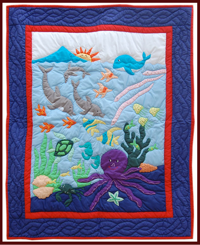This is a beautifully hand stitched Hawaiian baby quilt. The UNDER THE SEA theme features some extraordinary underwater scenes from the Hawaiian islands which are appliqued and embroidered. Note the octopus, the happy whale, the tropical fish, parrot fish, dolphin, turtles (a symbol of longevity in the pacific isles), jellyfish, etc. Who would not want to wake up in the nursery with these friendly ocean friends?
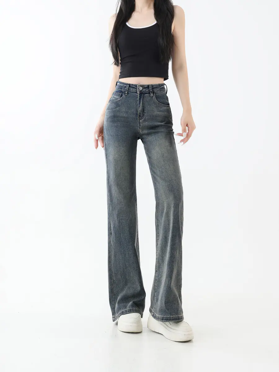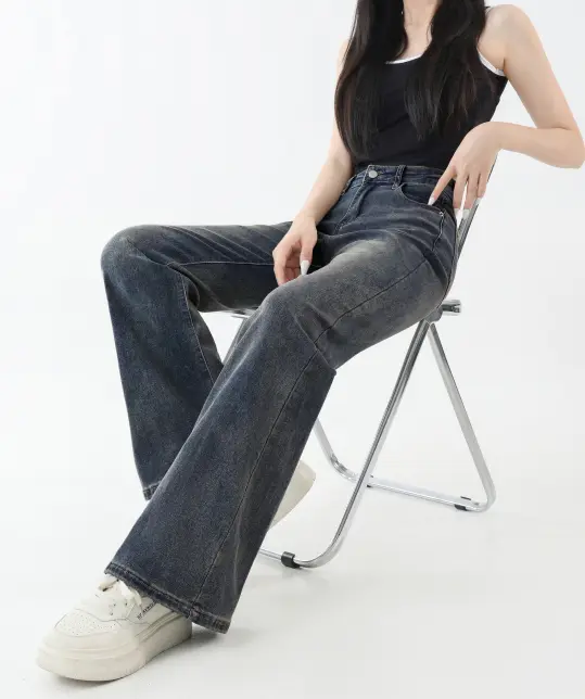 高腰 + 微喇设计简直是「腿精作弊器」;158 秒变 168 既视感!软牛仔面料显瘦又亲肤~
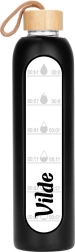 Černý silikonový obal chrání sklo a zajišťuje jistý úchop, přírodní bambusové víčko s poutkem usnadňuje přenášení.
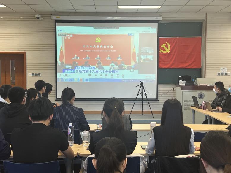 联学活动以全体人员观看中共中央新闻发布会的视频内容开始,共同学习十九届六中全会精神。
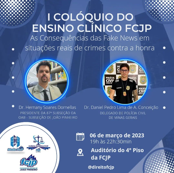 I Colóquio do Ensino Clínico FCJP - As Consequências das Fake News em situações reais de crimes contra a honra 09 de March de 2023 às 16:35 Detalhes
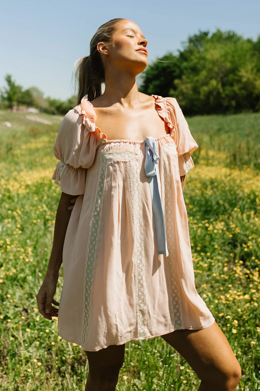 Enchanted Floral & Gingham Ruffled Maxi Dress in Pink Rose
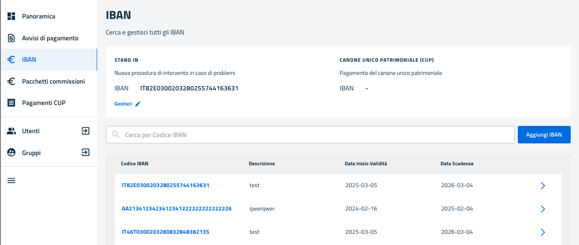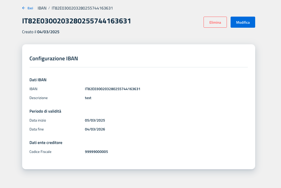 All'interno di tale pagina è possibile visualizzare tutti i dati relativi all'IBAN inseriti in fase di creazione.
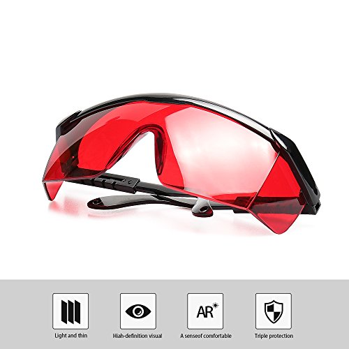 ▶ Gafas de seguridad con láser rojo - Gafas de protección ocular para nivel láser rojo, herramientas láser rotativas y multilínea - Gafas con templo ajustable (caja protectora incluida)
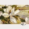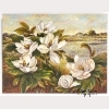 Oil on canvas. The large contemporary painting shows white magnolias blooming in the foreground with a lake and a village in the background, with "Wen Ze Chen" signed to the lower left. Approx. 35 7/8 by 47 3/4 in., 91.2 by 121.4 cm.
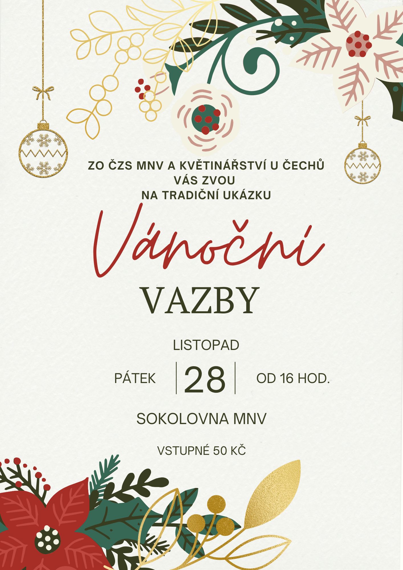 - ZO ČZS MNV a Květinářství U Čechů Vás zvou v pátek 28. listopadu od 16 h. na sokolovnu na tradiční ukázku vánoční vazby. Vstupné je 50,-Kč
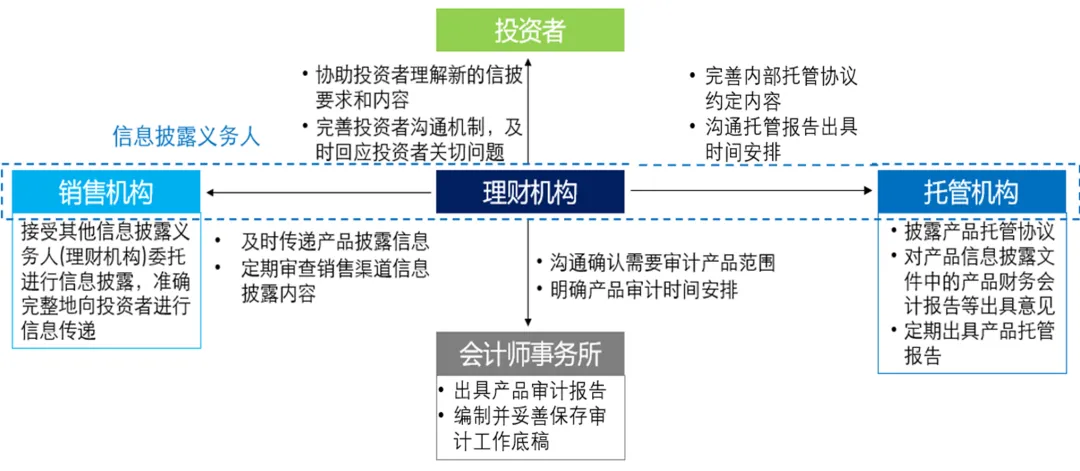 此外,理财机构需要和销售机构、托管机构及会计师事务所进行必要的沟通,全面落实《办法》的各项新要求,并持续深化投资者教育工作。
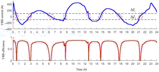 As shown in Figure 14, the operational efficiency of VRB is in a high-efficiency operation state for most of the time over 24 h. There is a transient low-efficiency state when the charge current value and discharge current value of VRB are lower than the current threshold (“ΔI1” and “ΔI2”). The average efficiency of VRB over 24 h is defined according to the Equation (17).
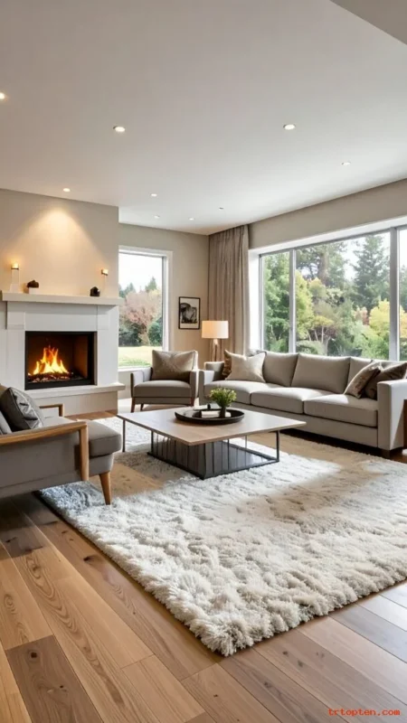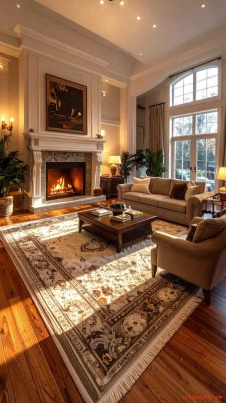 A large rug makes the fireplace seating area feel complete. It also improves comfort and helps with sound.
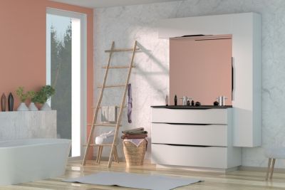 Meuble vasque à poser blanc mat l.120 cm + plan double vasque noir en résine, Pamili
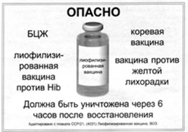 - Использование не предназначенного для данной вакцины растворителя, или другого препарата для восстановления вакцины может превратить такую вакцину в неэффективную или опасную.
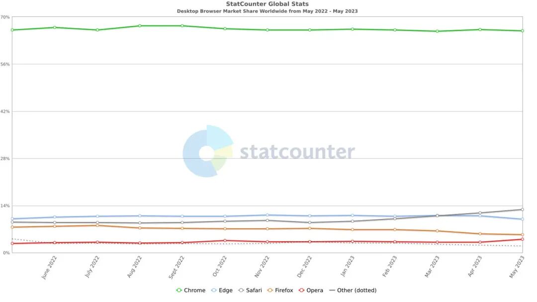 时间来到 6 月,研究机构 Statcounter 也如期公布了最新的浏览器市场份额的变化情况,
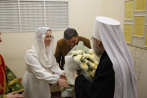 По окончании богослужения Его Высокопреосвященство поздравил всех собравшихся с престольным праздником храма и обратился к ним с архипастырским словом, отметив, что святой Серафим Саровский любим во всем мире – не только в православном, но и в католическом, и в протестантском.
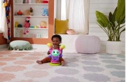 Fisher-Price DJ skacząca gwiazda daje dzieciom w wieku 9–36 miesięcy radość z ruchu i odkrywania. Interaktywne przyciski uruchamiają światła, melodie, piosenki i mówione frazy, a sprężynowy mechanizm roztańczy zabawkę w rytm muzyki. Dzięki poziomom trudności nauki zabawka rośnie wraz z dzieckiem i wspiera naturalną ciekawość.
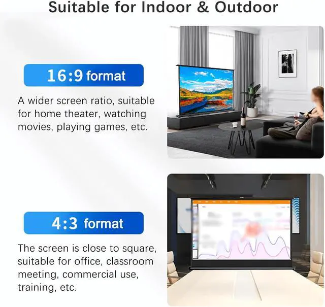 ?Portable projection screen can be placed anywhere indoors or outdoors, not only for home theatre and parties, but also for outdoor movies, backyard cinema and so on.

++++++++++

● WORK ORDER: Going by the entries above, repeat exactly the lines that start at the line with "All'interno di tale" and go on through the line with "(caja protectora incluida)". Pictures are not part of the copy.

● SOLUTION FOR THIS PROBLEM:
 All'interno di tale pagina è possibile visualizzare tutti i dati relativi all'IBAN inseriti in fase di creazione.
 ▶ Gafas de seguridad con láser rojo - Gafas de protección ocular para nivel láser rojo, herramientas láser rotativas y multilínea - Gafas con templo ajustable (caja protectora incluida)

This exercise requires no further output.